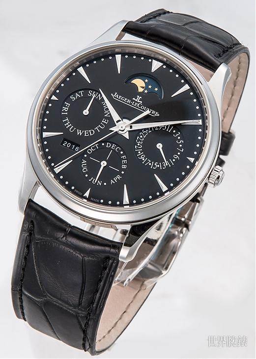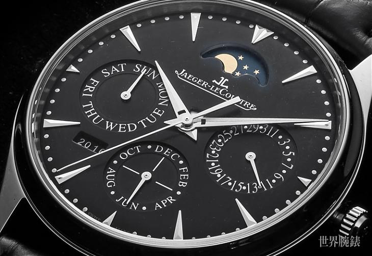 錶款的萬年曆顯示採用三眼時間顯示,三點鐘位置是日期顯示,六點鐘位置是月份顯示,而九點鐘位置則是星期顯示,介於七~八點鐘是四位數年份顯示,雖然將年份採用四位數字顯示已經不是頭一次,但積家將這項功能導入自家超薄萬年曆中,大大的簡化了時間顯示的讀時性,加上位於指針中軸上方積家特有的調校警示窗,以及十二點鐘位置的月相窗,可以說萬年曆該有的一應俱全外,貼心的調校警示也能夠讓機芯不會因為手動調校而遭到破壞,而為了面盤的簡潔度,積家將小時時標改以俐落的劍形指示,使得面盤佈局顯得相當清爽,易於辨時。
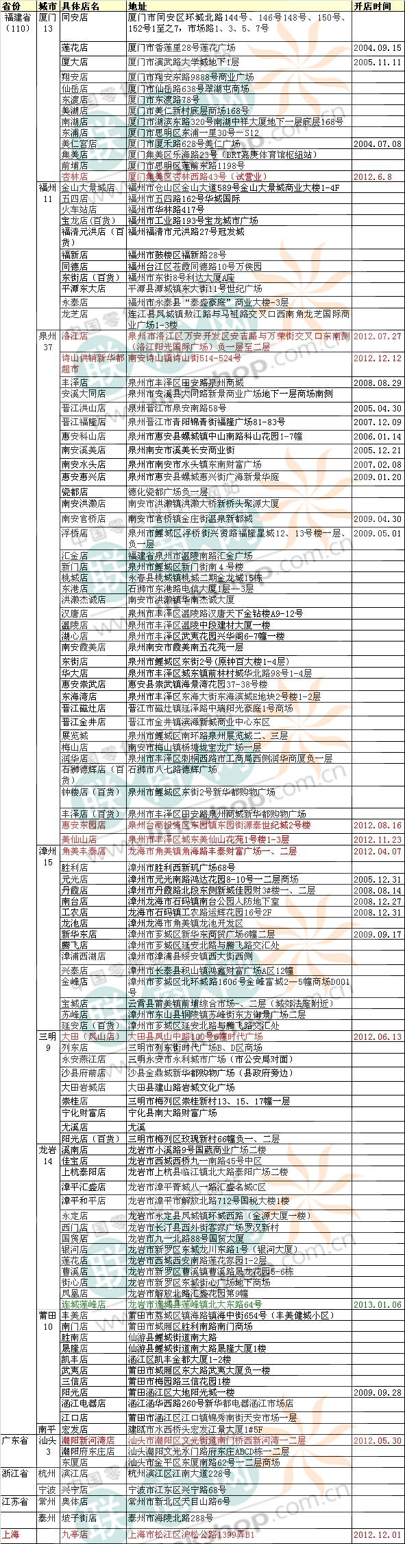 一、新華都2012年新開(kāi)門(mén)店具體分布(9家)
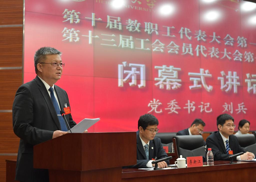 黨委書記劉兵在閉幕式上講話,他代表學校黨委向大會圓滿完成既定議程表示祝賀,向各位代表履職盡責、建言獻策表示感謝。他表示,把發展藍圖變成美好現實,需要全校廣大干部師生心往一處想、勁往一處使,用苦干實干詮釋責任、用拼搏奉獻成就事業。就進一步加強教代會、工會建設,他指出,要始終堅定正確政治方向,把教代會、工會建設成為學校黨委可以信賴、可以依靠、可堪重任的先進群眾組織,帶領廣大教職工牢記為黨育人、為國育才使命,全面落實立德樹人根本任務,圍繞中心、服務大局;要不斷增強服務能力水平,努力成為教職工信得過、靠得住、離不開的知心人、貼心人,不斷提升服務精度、拓展服務廣度、提高服務溫度,扎扎實實為教職工做好事、辦實事、解難事;要強化教職工思想政治引領,多做統一思想、化解矛盾、增進感情、激發動力的工作,多做強信心、聚人心、暖人心的工作,使廣大教職工努力做學校改革發展的支持者、參與者和推動者。
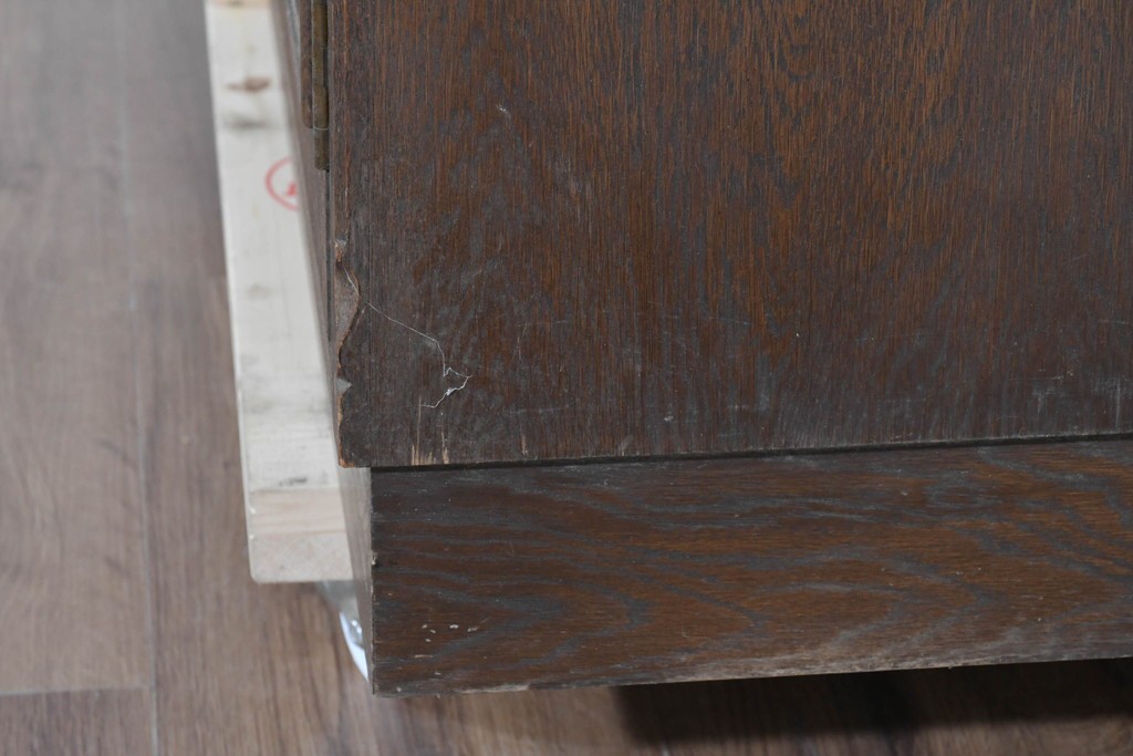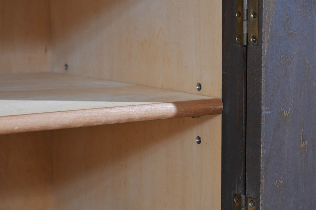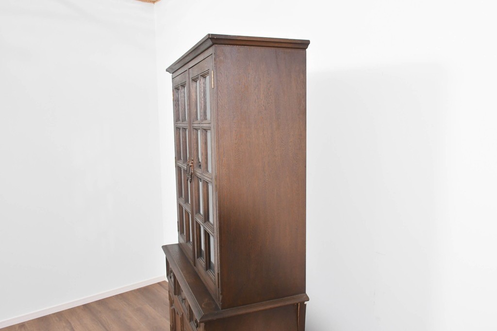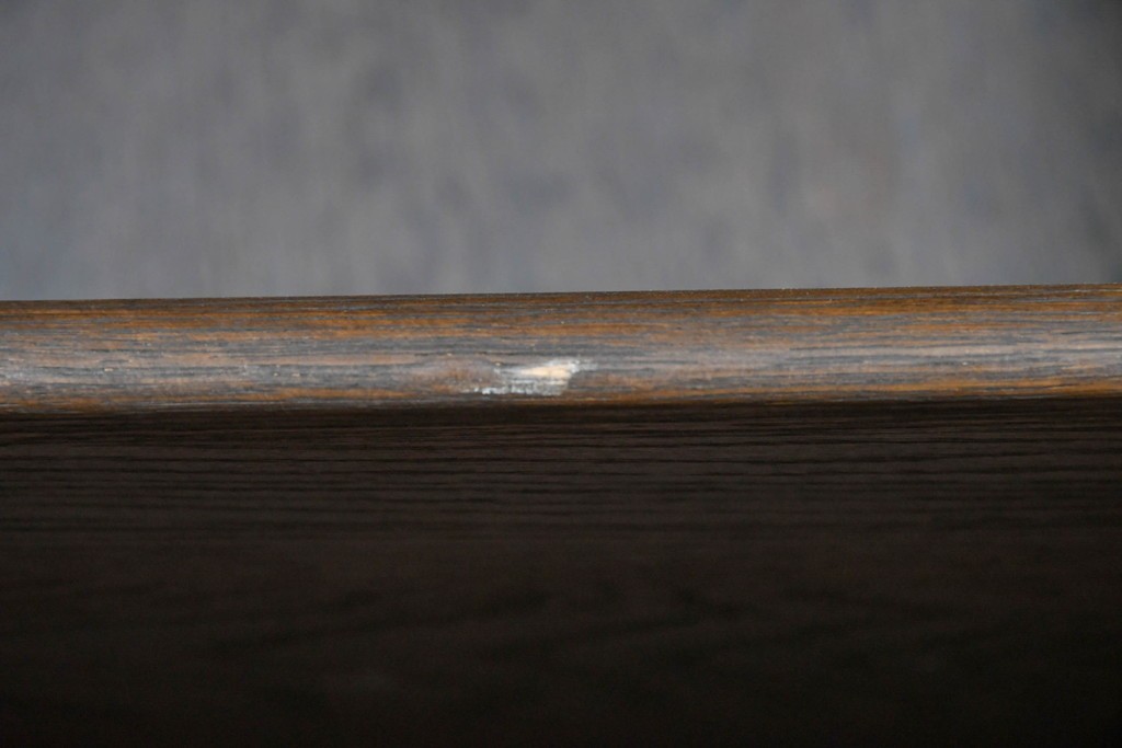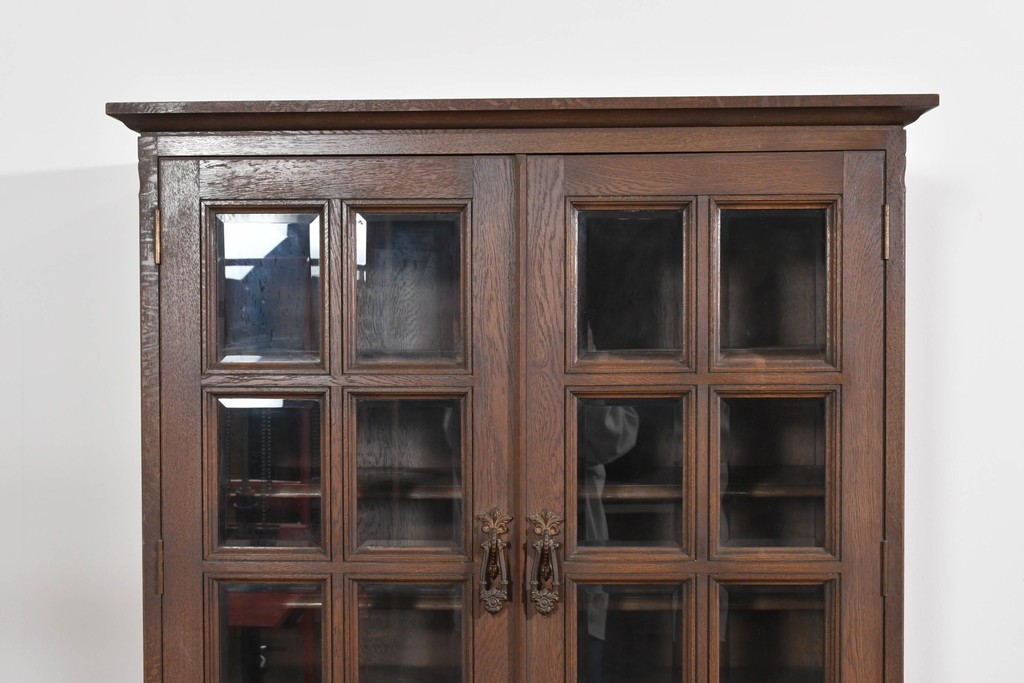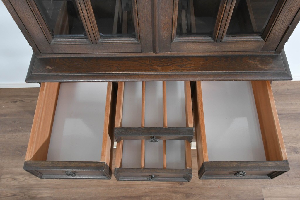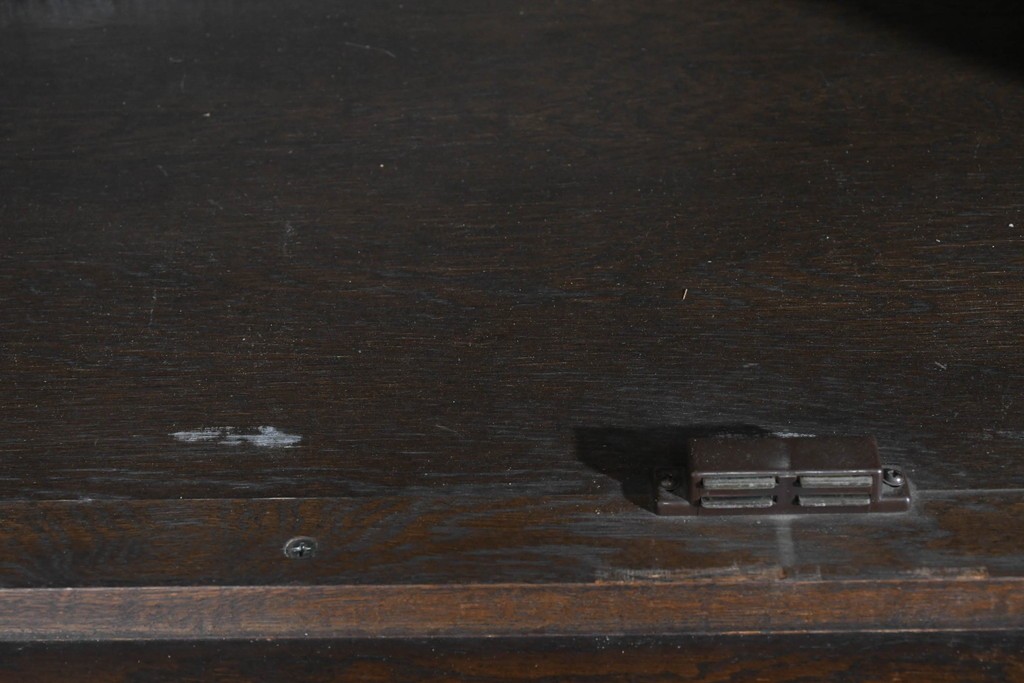 扉や引き出しには、立体的に彫り込まれた装飾や趣ある金具が用いられており、家具全体に深みのある表情を与えています。細部の仕上げが丁寧で、長く使われてきた家具がもつ落ち着いた雰囲気を感じさせてくれるつくりです。
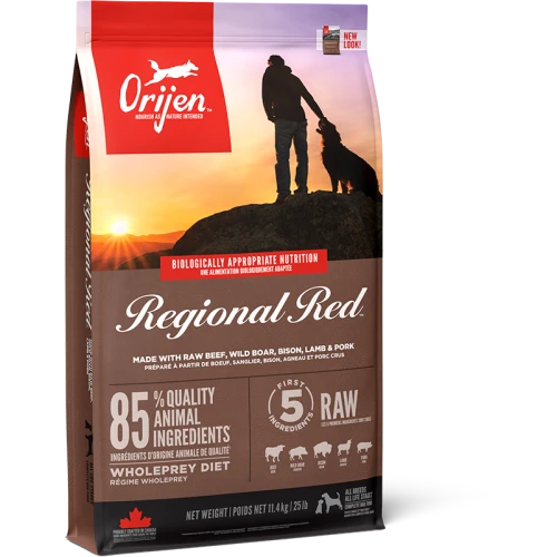 ORIJEN Regional Red diet is packed with 85%* quality animal ingredients like raw** beef, wild boar, bison, lamb and pork. Packed with WholePrey animal ingredients like organs and bone, ORIJEN food is made with the most nutrient-dense, succulent parts of the prey to deliver the nutrition dogs need. The result is a diet for your canine companion that is beyond comparison.
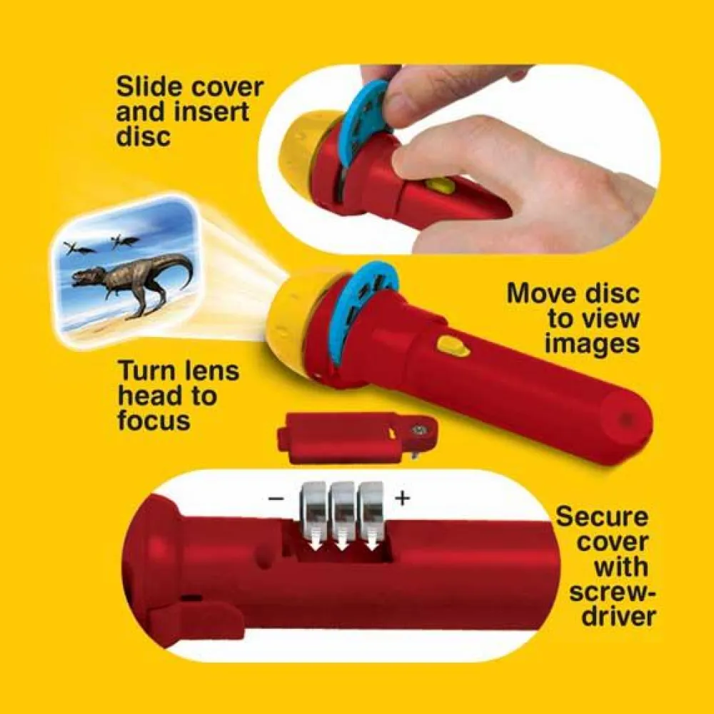 Sej lommelygte, som kan vise 24 flotte billeder af forskellige dinosaurer.
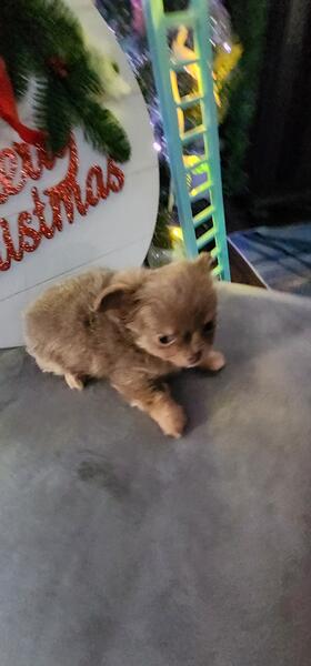 message starrocks about this ad They are ckc registered with insurance vet check and dewoming and 1st shots comes with toy starter food puppy pads blanket with its siblings and mommy scent for easier transition to new home. Dad is akc and ckc registered 5 pounds double long coat stable mom is 4pounds long coat lavender both apple head puppies are $2300 will be tiny text or call 317-345-96two7 |
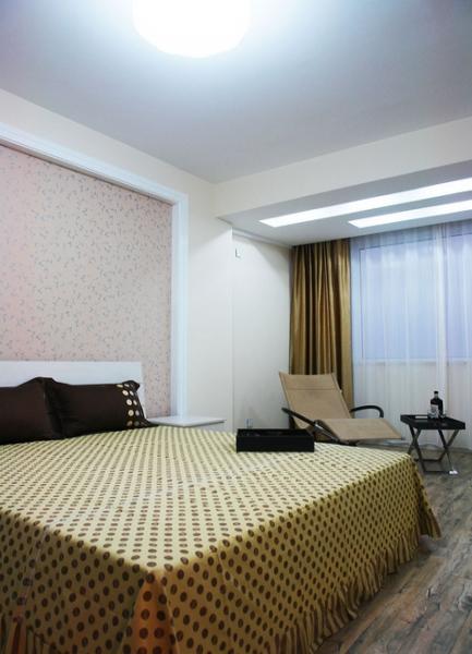 臥室,與客廳相比,多了幾分莊重與沉穩(wěn)。黃與咖色的搭配,再輔以仿古地板,自然的氣息撲面而來。
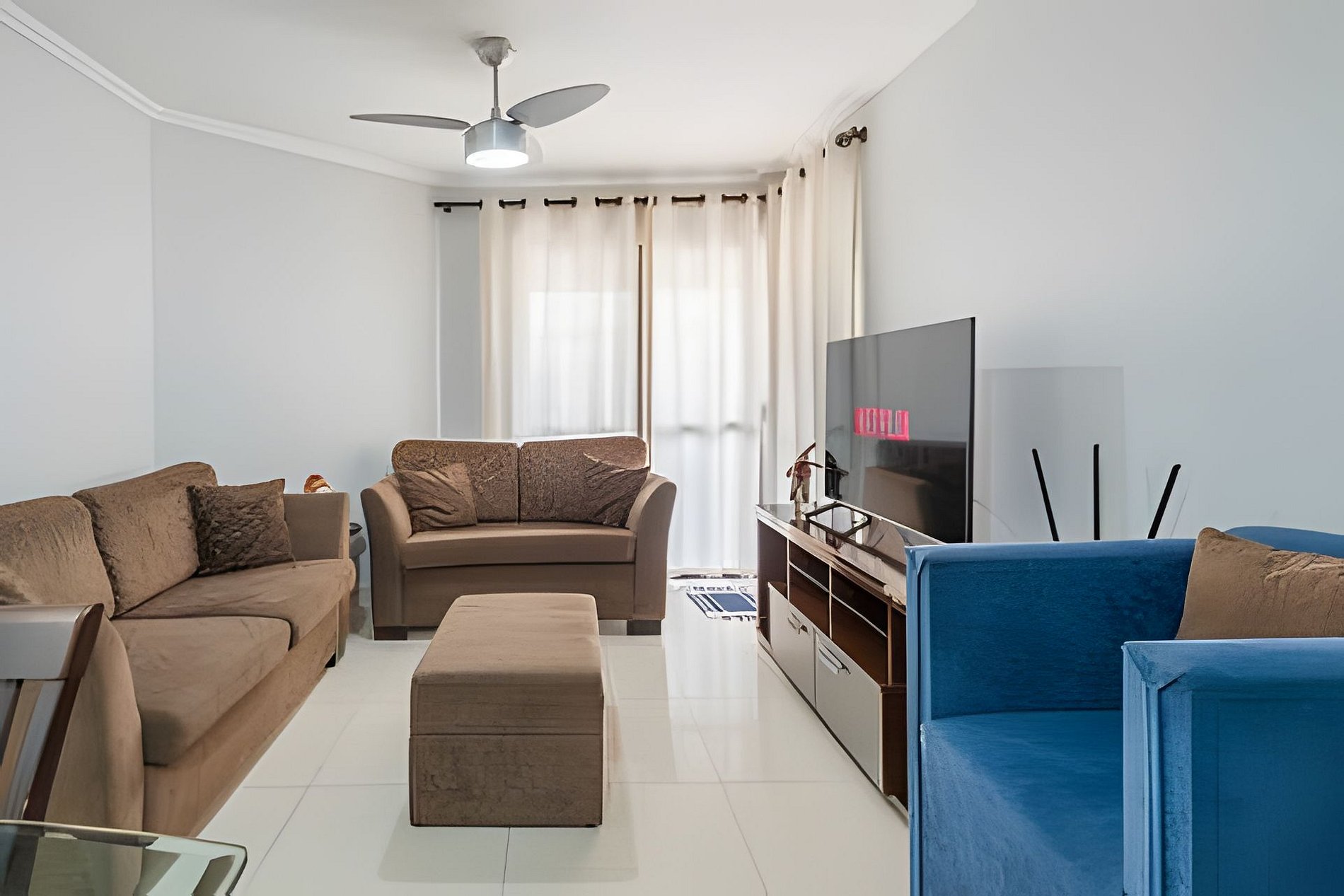 A acomodação conta com ar condicionado nos três quartos.
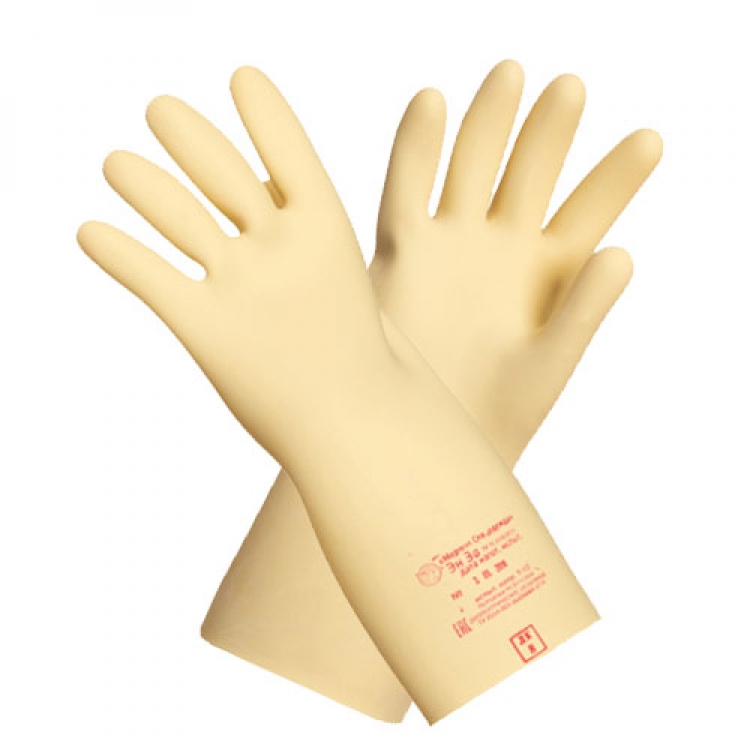 Перчатки диэлектрические бесшовные из натурального латекса с защитой рук от электрического тока напряжением до 1000 В.
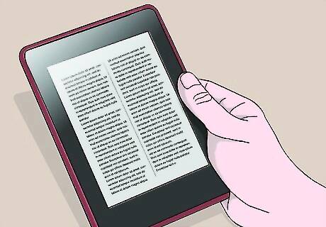Buy an e-reader. One of the great things about getting the newspaper, your favorite magazine, or a good paperback, is that you can tote it around with you. No one wants to sit and read at the computer all day. But you don't have to! Get an e-reader like a Kindle, a Nook, or an iPad and upload your favorite reading material onto an easy-to-transport and even easier-to-read interface. If you're too in love with the feel of real books to use a cold stainless e-reader, you're not alone. But that doesn't mean you need to buy brand new hardbacks and contribute to paper waste. Visit your local public library and share books, magazines, and newspapers for free. Many libraries actually have e-borrowing, which will let you borrow e-books and read them on your mobile device or tablet for a limited period of time.
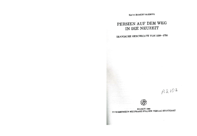 In his publication, Prof. Roemer illustrates the history of Persia from the 14th to the 18th century. Beginning with the Persian Empire after the invasion of the Golden, he analyses the rise and fall of the Safavid Empire in these 400 years of Persian history.

━━━━━━━━

Starting at the line above that holds "黨委書記劉兵在閉幕式上講話,他代表學校黨", repeat every line exactly down to and including the line that holds "Перчатки диэлектрические бесшовные", then stop. Do not carry over any pictures.

RESPONSE TO THIS EXERCISE:
 黨委書記劉兵在閉幕式上講話,他代表學校黨委向大會圓滿完成既定議程表示祝賀,向各位代表履職盡責、建言獻策表示感謝。他表示,把發展藍圖變成美好現實,需要全校廣大干部師生心往一處想、勁往一處使,用苦干實干詮釋責任、用拼搏奉獻成就事業。就進一步加強教代會、工會建設,他指出,要始終堅定正確政治方向,把教代會、工會建設成為學校黨委可以信賴、可以依靠、可堪重任的先進群眾組織,帶領廣大教職工牢記為黨育人、為國育才使命,全面落實立德樹人根本任務,圍繞中心、服務大局;要不斷增強服務能力水平,努力成為教職工信得過、靠得住、離不開的知心人、貼心人,不斷提升服務精度、拓展服務廣度、提高服務溫度,扎扎實實為教職工做好事、辦實事、解難事;要強化教職工思想政治引領,多做統一思想、化解矛盾、增進感情、激發動力的工作,多做強信心、聚人心、暖人心的工作,使廣大教職工努力做學校改革發展的支持者、參與者和推動者。
 扉や引き出しには、立体的に彫り込まれた装飾や趣ある金具が用いられており、家具全体に深みのある表情を与えています。細部の仕上げが丁寧で、長く使われてきた家具がもつ落ち着いた雰囲気を感じさせてくれるつくりです。
 ORIJEN Regional Red diet is packed with 85%* quality animal ingredients like raw** beef, wild boar, bison, lamb and pork. Packed with WholePrey animal ingredients like organs and bone, ORIJEN food is made with the most nutrient-dense, succulent parts of the prey to deliver the nutrition dogs need. The result is a diet for your canine companion that is beyond comparison.
 Sej lommelygte, som kan vise 24 flotte billeder af forskellige dinosaurer.
 message starrocks about this ad They are ckc registered with insurance vet check and dewoming and 1st shots comes with toy starter food puppy pads blanket with its siblings and mommy scent for easier transition to new home. Dad is akc and ckc registered 5 pounds double long coat stable mom is 4pounds long coat lavender both apple head puppies are $2300 will be tiny text or call 317-345-96two7 |
 臥室,與客廳相比,多了幾分莊重與沉穩(wěn)。黃與咖色的搭配,再輔以仿古地板,自然的氣息撲面而來。
 A acomodação conta com ar condicionado nos três quartos.
 Перчатки диэлектрические бесшовные из натурального латекса с защитой рук от электрического тока напряжением до 1000 В.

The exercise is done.